Dataset records -
------

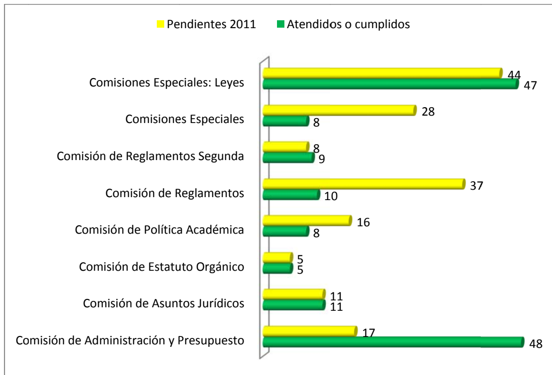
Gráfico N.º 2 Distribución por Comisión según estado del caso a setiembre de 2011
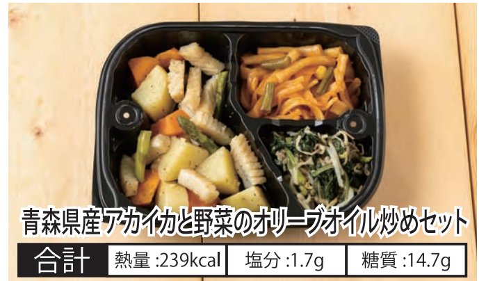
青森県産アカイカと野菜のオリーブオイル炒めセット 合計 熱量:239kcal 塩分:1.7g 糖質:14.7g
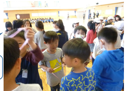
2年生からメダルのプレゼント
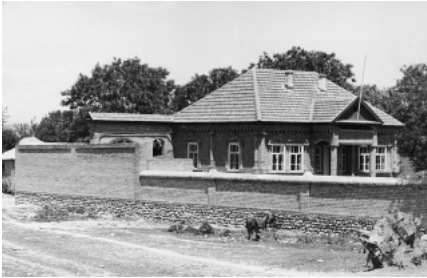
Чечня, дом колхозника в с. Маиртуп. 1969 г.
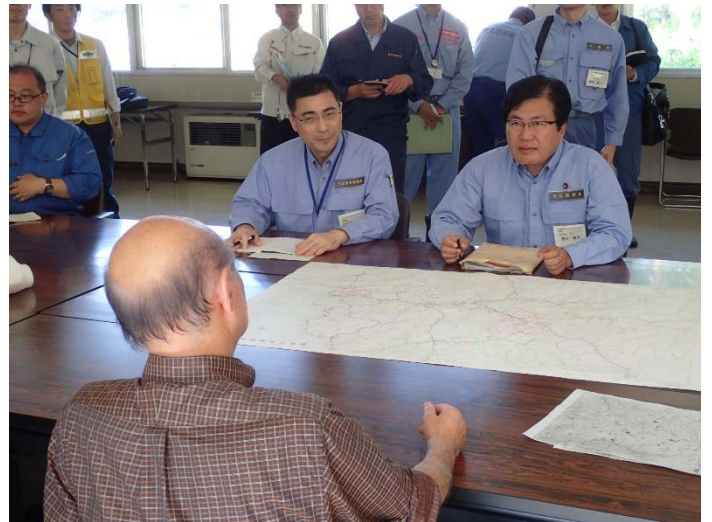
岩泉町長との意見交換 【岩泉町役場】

------

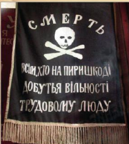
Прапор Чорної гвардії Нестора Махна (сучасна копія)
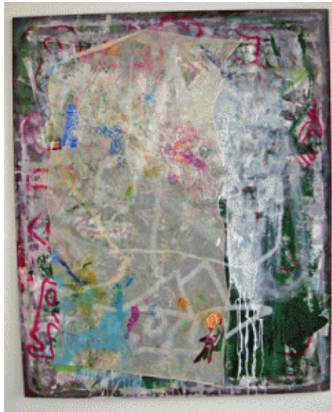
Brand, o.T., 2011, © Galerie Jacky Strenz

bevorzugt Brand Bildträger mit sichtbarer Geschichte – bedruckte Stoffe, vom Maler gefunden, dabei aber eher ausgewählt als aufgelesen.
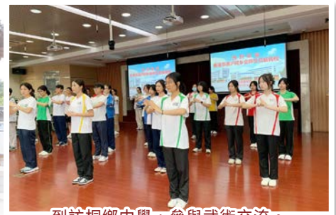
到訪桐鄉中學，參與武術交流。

------

Problem requirements -
Repeat exactly the lines above, from the line that contains "Gráfico N.º 2" down through the line that contains "岩泉町長との意見交換 【岩泉町役場】". Include both of those lines and none of the pictures.

Result -
Gráfico N.º 2 Distribución por Comisión según estado del caso a setiembre de 2011
青森県産アカイカと野菜のオリーブオイル炒めセット 合計 熱量:239kcal 塩分:1.7g 糖質:14.7g
2年生からメダルのプレゼント
Чечня, дом колхозника в с. Маиртуп. 1969 г.
岩泉町長との意見交換 【岩泉町役場】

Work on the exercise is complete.